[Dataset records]
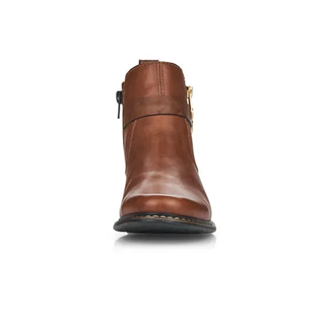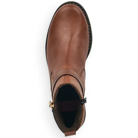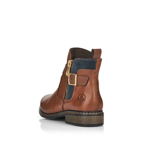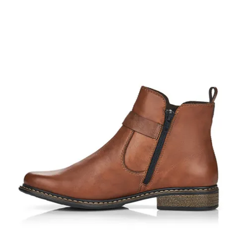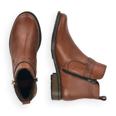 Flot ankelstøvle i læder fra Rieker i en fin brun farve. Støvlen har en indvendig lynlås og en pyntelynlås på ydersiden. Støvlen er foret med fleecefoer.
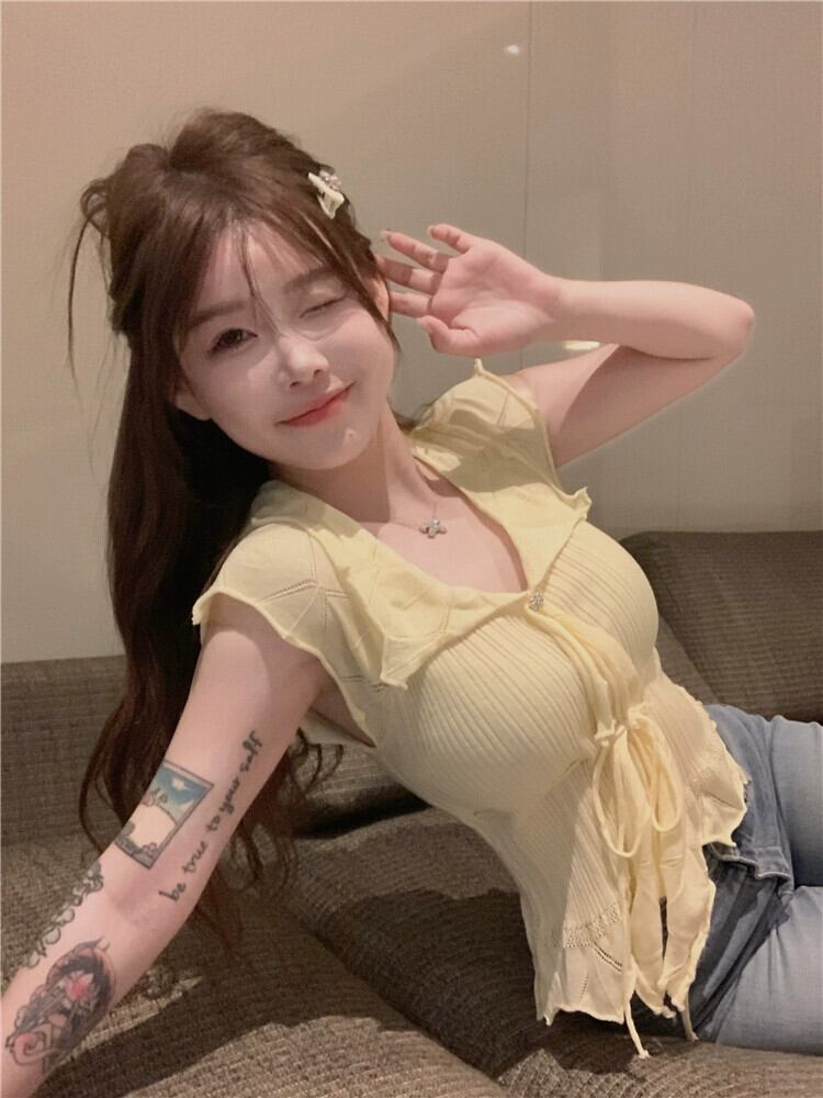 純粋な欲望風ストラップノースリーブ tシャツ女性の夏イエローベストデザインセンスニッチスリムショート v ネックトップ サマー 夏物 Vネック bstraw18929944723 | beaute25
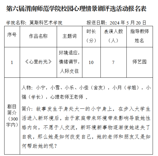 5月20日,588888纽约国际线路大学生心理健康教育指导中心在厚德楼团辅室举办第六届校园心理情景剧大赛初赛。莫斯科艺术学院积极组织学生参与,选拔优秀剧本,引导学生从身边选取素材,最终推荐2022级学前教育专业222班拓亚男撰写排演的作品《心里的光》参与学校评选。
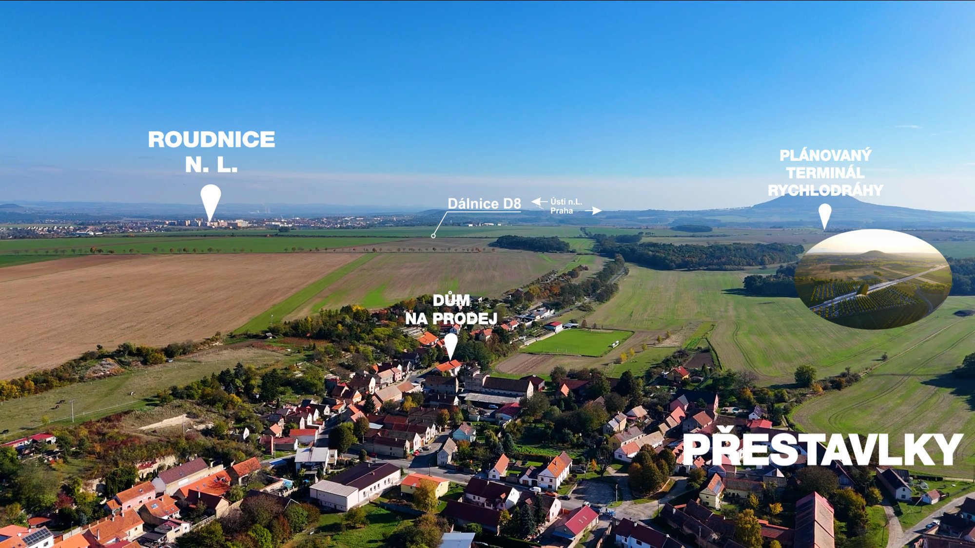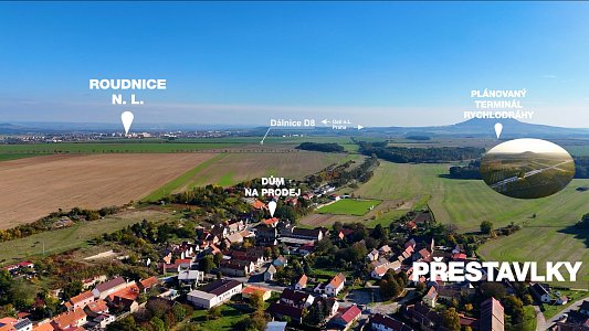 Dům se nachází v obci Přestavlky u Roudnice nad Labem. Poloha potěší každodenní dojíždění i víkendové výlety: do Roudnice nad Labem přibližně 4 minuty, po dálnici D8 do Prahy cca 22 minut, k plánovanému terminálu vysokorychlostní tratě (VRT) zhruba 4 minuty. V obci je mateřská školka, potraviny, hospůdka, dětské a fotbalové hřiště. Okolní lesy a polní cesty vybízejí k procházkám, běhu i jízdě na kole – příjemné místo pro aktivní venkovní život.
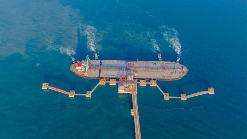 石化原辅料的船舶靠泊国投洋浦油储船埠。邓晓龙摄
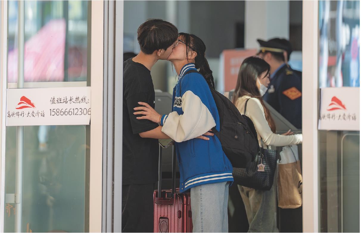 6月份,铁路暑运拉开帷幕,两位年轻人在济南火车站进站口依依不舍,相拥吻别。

**Exercise goal:** Write out, word for word, the lines running from the one containing "5月20日,588888纽约" to the end of the data above; the pictures are to be left out.

**Response:**
 5月20日,588888纽约国际线路大学生心理健康教育指导中心在厚德楼团辅室举办第六届校园心理情景剧大赛初赛。莫斯科艺术学院积极组织学生参与,选拔优秀剧本,引导学生从身边选取素材,最终推荐2022级学前教育专业222班拓亚男撰写排演的作品《心里的光》参与学校评选。
 Dům se nachází v obci Přestavlky u Roudnice nad Labem. Poloha potěší každodenní dojíždění i víkendové výlety: do Roudnice nad Labem přibližně 4 minuty, po dálnici D8 do Prahy cca 22 minut, k plánovanému terminálu vysokorychlostní tratě (VRT) zhruba 4 minuty. V obci je mateřská školka, potraviny, hospůdka, dětské a fotbalové hřiště. Okolní lesy a polní cesty vybízejí k procházkám, běhu i jízdě na kole – příjemné místo pro aktivní venkovní život.
 石化原辅料的船舶靠泊国投洋浦油储船埠。邓晓龙摄
 6月份,铁路暑运拉开帷幕,两位年轻人在济南火车站进站口依依不舍,相拥吻别。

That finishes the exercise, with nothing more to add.